Adolescent development is a bag of greens I’ve yet to wash and chop up. The most I can grasp is the truth that I was there, a youth growing swiftly and clumsily into the centaur of adulthood– half tax-abiding; half thumb-sucking. Then, there are the examples from my life. As a high school school teacher. The boys roaming in packs, scribbling on the board or balloons phallic symbols and phrases; the girls, their edges laid with wax, their wanting to know if, “Miss Harris will you get a nipple piercing with me?” Some of it is for shock, some of it is for release. Some of it is because I am young, and I look within the belief that we can relate. Because all they want is to relate. Then, there are examples from the reading, in the class I’m taking this semester at CCBC, PSYC 219, “adolescent psychology.” Developing children need emotional attunement, developing children require attention and support, developing children are forming an identity. Yet, living development, witnessing development, and reading about development hasn’t helped me answer Number 2’s question.

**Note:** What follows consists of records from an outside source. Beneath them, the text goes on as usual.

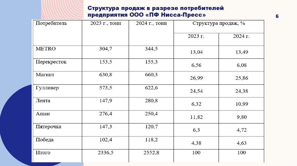 Структура продаж в разрезе потребителейпредприятия ООО «ПФ Нисса-Пресс»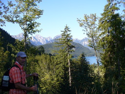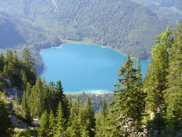 Wir umrunden den Berg und nach einem kurzen steilen Aufstieg, von dem aus wir einen wundervollen Ausblick auf den Alpsee haben, folgt der Abstieg hinunter zur Wildsulzhuette, wo sich beim Aufstieg die zwei Wege zum Saeuling getrennt haben.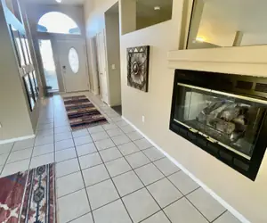 Relax in the open-concept living area and stream your favorite shows on the 65" Roku Smart TV. Enjoy meals together at the large dining table that comfortably seats eight. With central AC and heating, you'll be comfortable year-round.
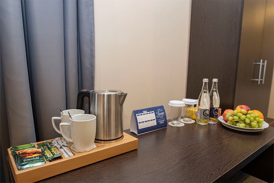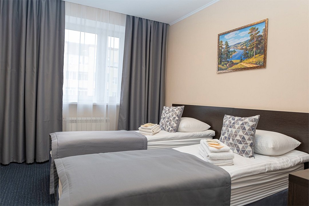 телевизор, Wi-Fi, фен, электронные замки, ванная комната, ванна или душевая кабина, банные принадлежности, банные полотенца, гигиенические средства, две односпальные кровати, ортопедический матрас, вешалки, письменный стол, багажная тумба, зеркало, вид на город, стул, тумба, туалетные средства, туалет, цифровое тв, мини-холодильник, уборка номера, вешалки-плечики, мылоВ номере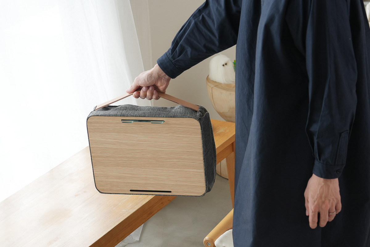 ユニークなのが、このデスクがカバンにもなることで、中にノートPCやキーボード、ACアダプター、モバイルバッテリーなどを収納可能。仕切りもあるので中身を分けてしまうことができます。取っ手には天然のレザーが使われているので、使い込むほどに味わいが増し、愛着もひとしおに。立てて置けば省スペースなので邪魔になることもありません。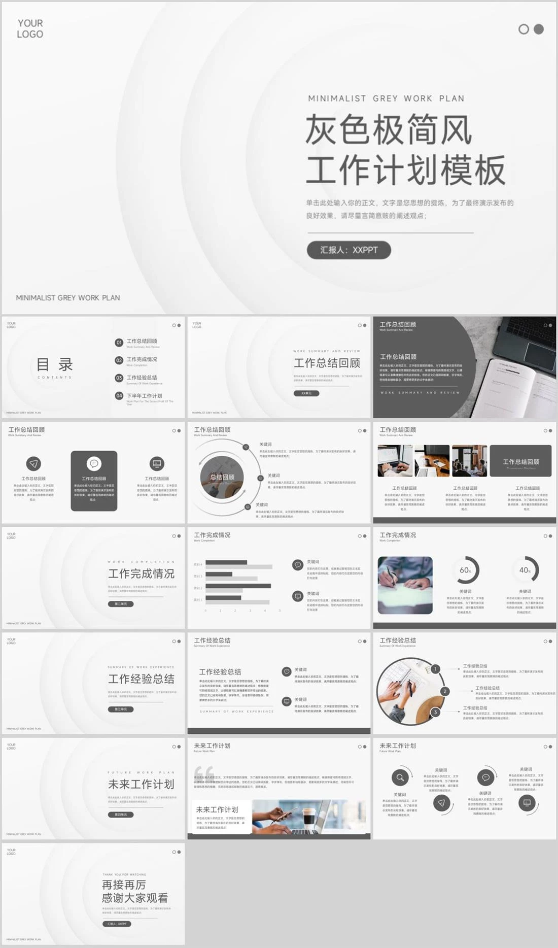 YOURLOGO灰色极简风工作计划模板单击此处输入你的正文,文字是您思想的提炼,为了最终演示发布的良好效果,请尽量言简意赅的阐述观点;MINIMALIST GREY WORK PLAN汇报人:XXPPTMINIMALIST GREY WORK PLAN极简商务,2345,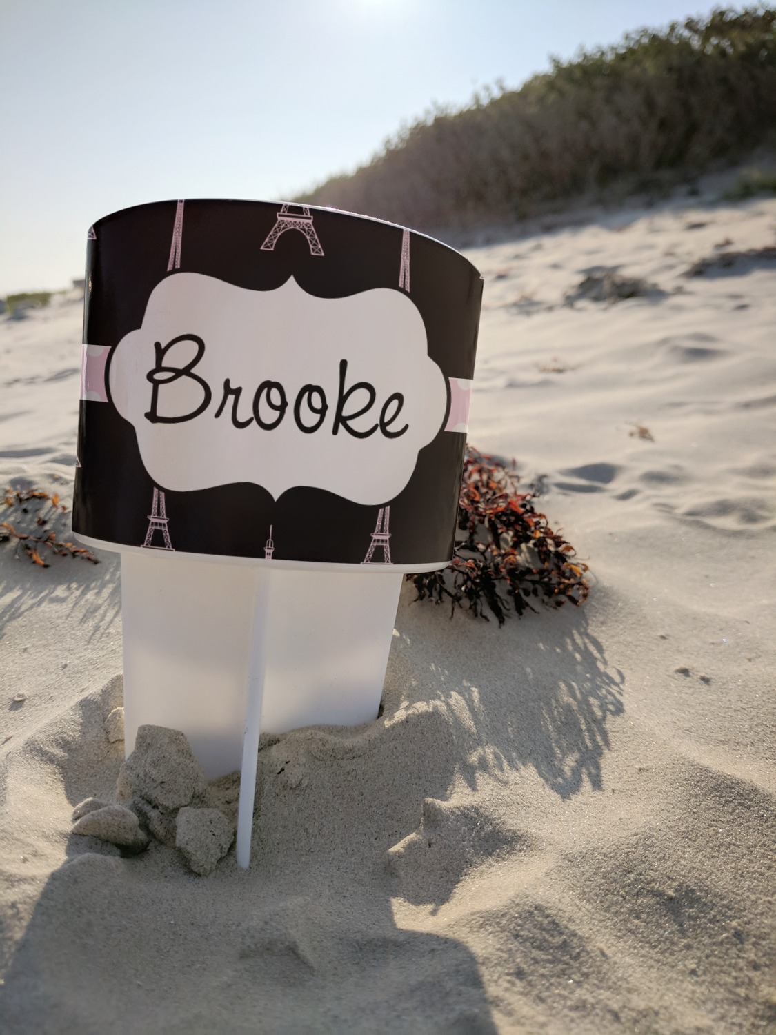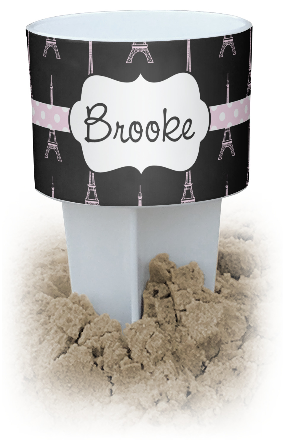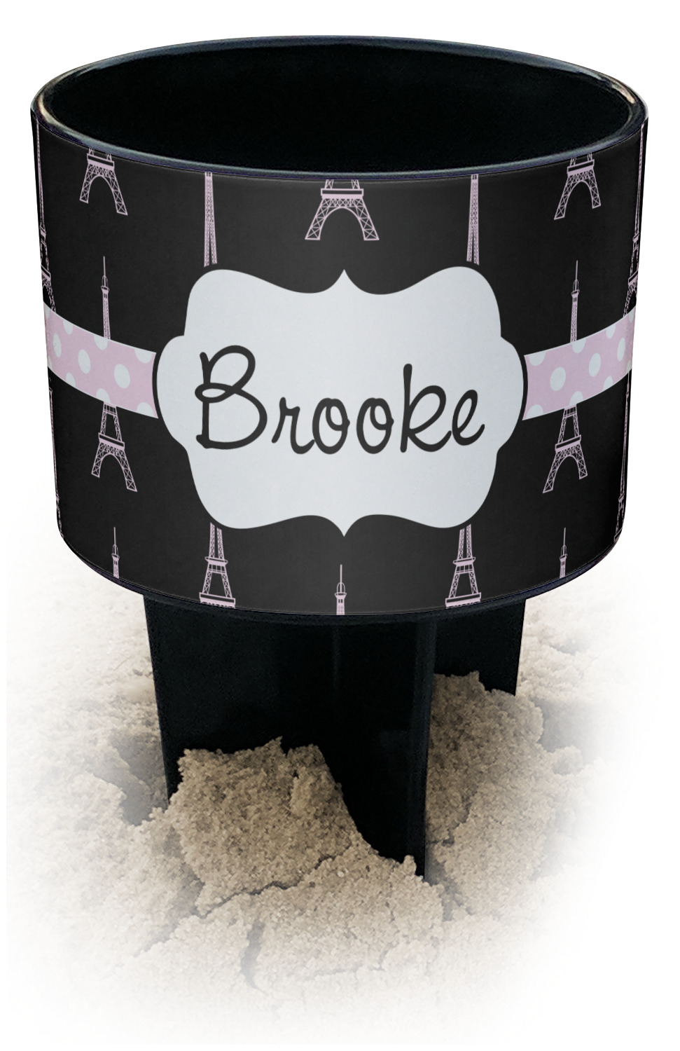 This cup holder has a large stake at its bottom that anchors it to the sand or ground below, while the cup holder rests above the stake. The entire drink holder is made of durable plastic and displays your customization around the cup holder portion. We sell these personalized beach spikers in two different colors: black and white.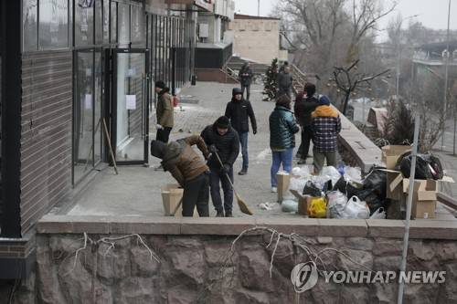 People clean an area near a shop damaged during clashes in Almaty, Kazakhstan, Monday, Jan. 10, 2022. The National Security Committee, Kazakhstan's counterintelligence and anti-terrorism agency, said that the situation in the country has "stabilized and is under control." (AP Photo)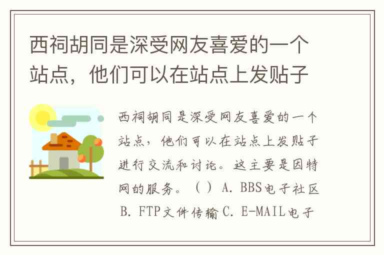 西祠胡同是深受网友喜爱的一个站点,他们可以在站点上发贴子进行交流和讨论。这主要是因特网的服务。() A. BBS电子社区 B. FTP文件传输 C. E-MAIL电子邮件 D. WWW信息浏览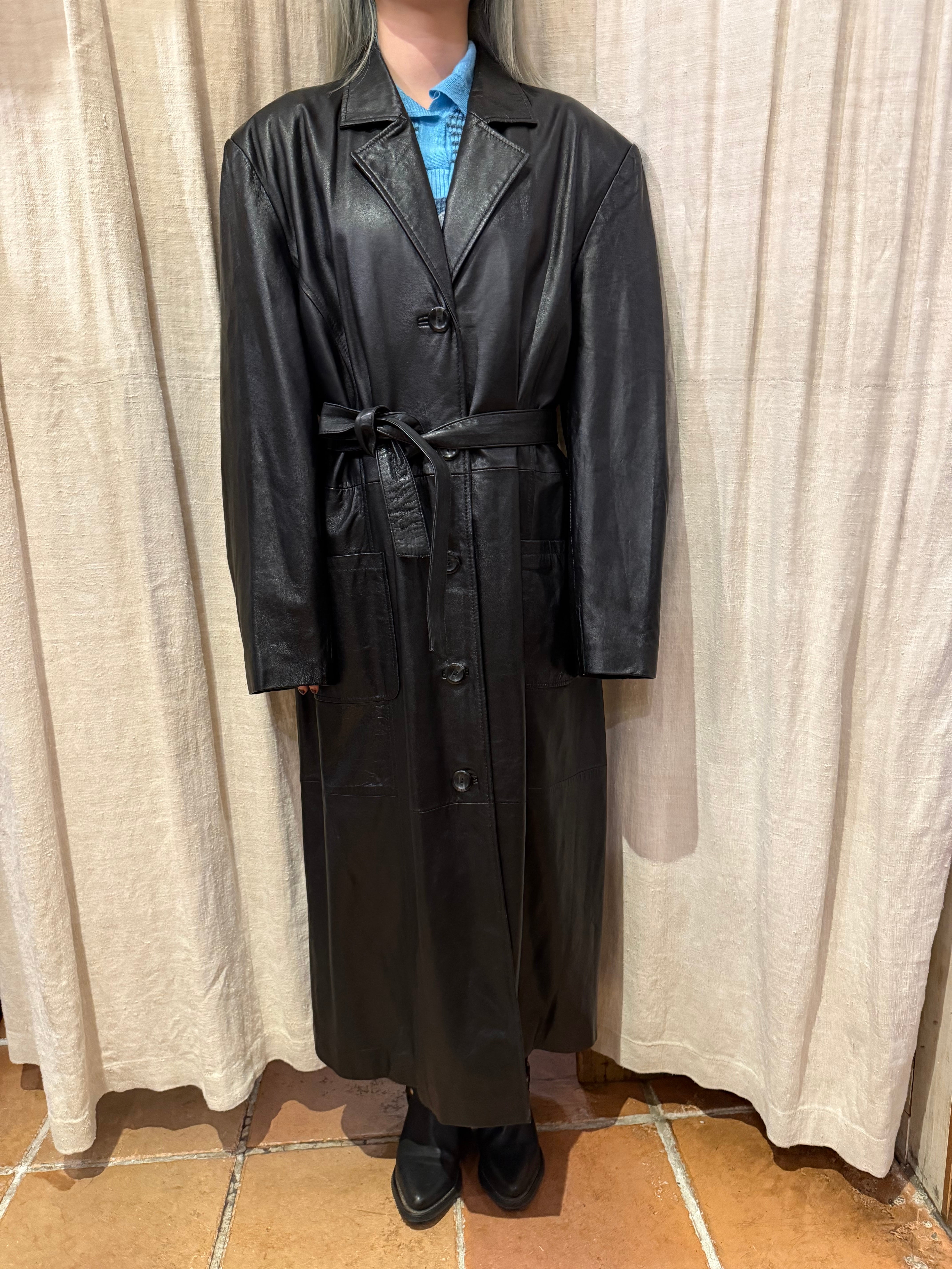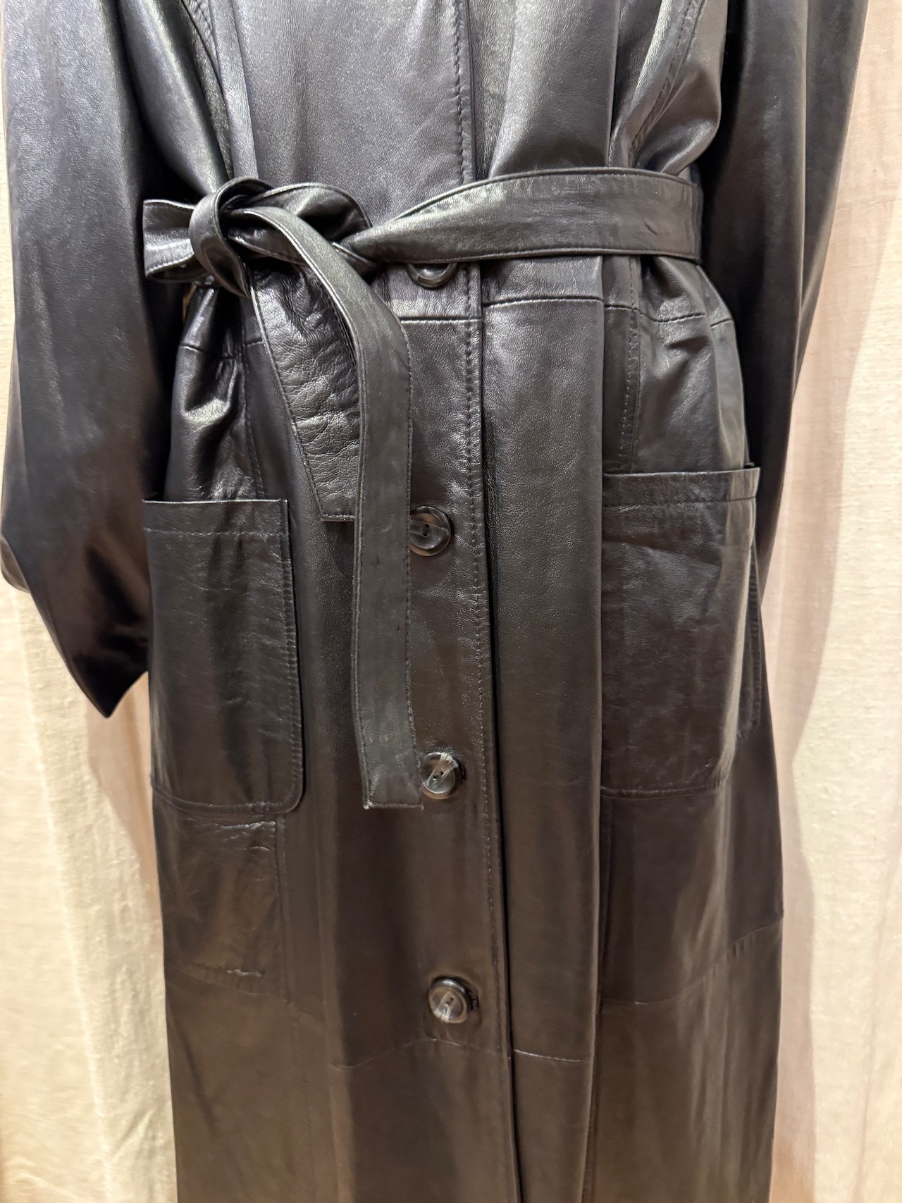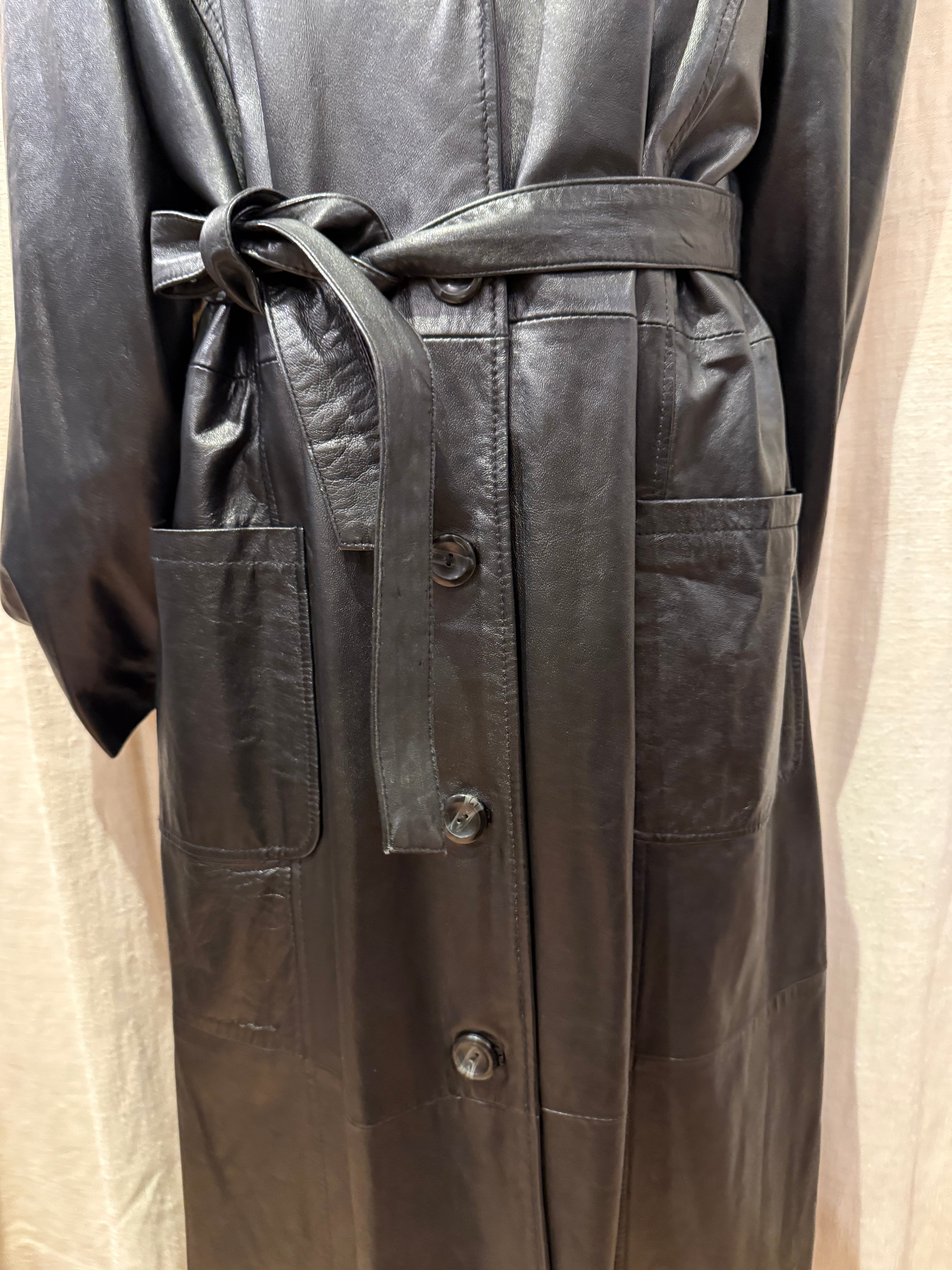 レザーのロングコートは存在感があり、目を惹きます。本革で柔らかい質感なので、サラッと羽織って頂けます。ベルトでウエストマークでき、シルエットのメリハリがつきます。ウエストでギュッとギャザーの寄ったレザーも自然でとても綺麗です。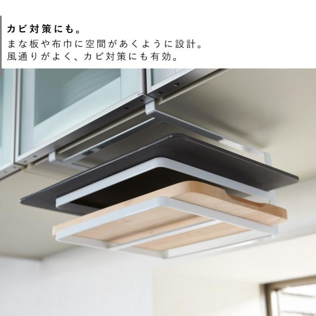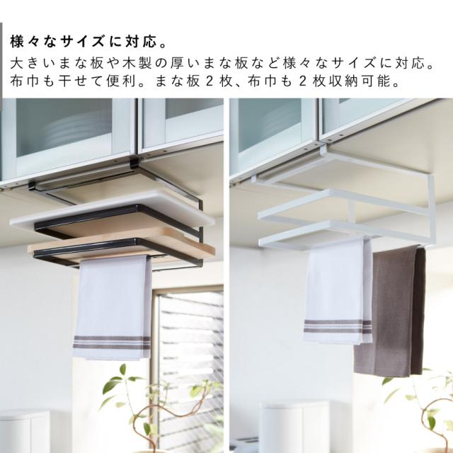 大きいまな板や木製の厚いまな板など、様々なサイズに対応。布巾も干せる便利な戸棚下まな板&布巾ハンガー。戸棚下に本体を差し込むだけ。浮かせて収納できデッドスペースを有効利用。キッチン周りを広く使えるようになります。まな板2枚、布巾も2枚収納することができます。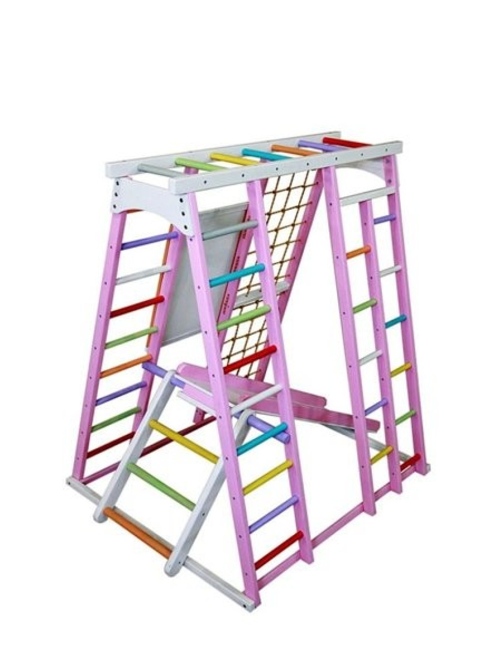 Ваш малюк зможе активно проводити час, лазячи по піратській сітці і шведській стінці, а також віджиматися, перебираючи руками перекладини рукохода. А коли йому набридне активне проведення часу, він зможе розвивати свої творчі фантазії, малюючи крейдою на мольберті.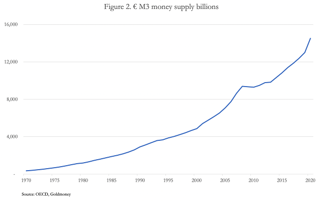 新冠疫情的后果似乎尚未在官方GDP数据中得到充分反映,欧元货币供应的加速增长将推高官方GDP数据。如下图2所示,2020年广义货币大幅增长,主要是由于欧元区央行余额的扩大。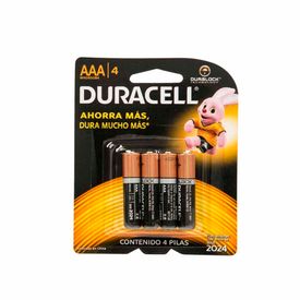 Pilas Alcalinas Duracell AAA x4 Unidades Zinc/Carbón 1.5V

If you ask me, I’ll tell you I know who I am. First born’s last born. Woodlawn raised. The youngest of three.  The early writer, earlier reader. The teacher. The book designer. The panAfricanist. The bird feeder. The mushroom grower. The spiritualist suspicious of spiritualism. The lover of big and little flavors. The chronic thinker, chronic worrier, chronic hider. But there’s more. There are questions. Where do I belong? Where do I go? What choices have I made? Are my choices making me? What am I not seeing? How should I make my money? How much do I value wealth? Partnership? Am I strong enough? Can I forgive? Why do I feel disconnected? Can I ask for help? How do I ask? Act? Account? Made of questions, I slink through the day, confident and sure and also lost and knowing nothing. 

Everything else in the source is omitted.